Ma'ximus, Carvi'lius
2. SP. CARVILIUS, SP. F. C. N. MAXIMUS RUGA, son of No. 1, was consul, B. C. 234, with L. Postumius Albinus, and carried on war first against the Corsicans and then against the Sardinians: according to the Fasti Capitolini he obtained a triumph over the latter people. (Zonar. 8.18.) he was consul a second time in B. C. 228 with Q. Fabius Maximus Verrucossus, in which year, according to Cicero (Cato, 4), he did not resist, like his colleague, the agrarian law of the tribune C. Flaminius for the division of the lands in Cisalpine Gaul. Polybius (2.21), however, places the agrarian law of C. Flaminius four years earlier, in the consulship of M. Aemilius Lepidus, B. C. 232.Carvilius is not mentioned again till the year of the fatal battle of Cannae, B. C. 216, when he proposed, in order to fill up the numbers of the senate and to unite the Latin allies more closely to the Romans in this their season of adversity, that the vacancies in the senate should be supplied by electing two senators from each one of the Latin tribes, but his proposition was rejected with the utmost indignation and contempt. He died in B. C. 212, at which time he was augur. (Liv. 23.22, 26.23.)

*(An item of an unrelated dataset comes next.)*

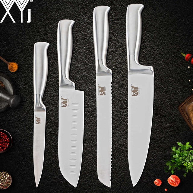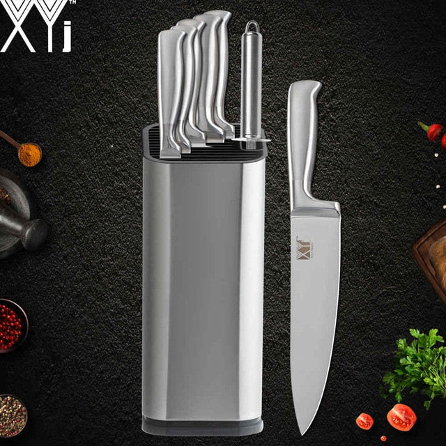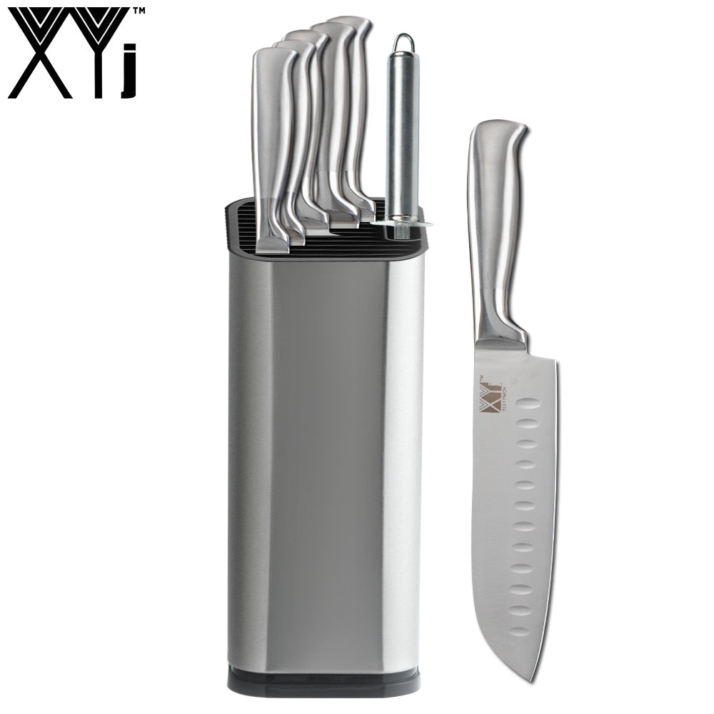 XYj Stainless Steel Kitchen Knife Set Chef Bread Slicing Santoku Utility Paring Knives Stainless Steel Knife Holder Stand

Carvilius is related to have been the first person who divorced his wife, which he is said to have done on the ground of barrenness, but his conduct was generally disapproved. Whether, however, this was really the first instance of divorce at Rome may be questioned. (Gel. 4.3; V. Max. 2.1.4; Dionys. A. R. 2.25; Niebuhr, Hist. of Rome, vol. iii. p. 355.)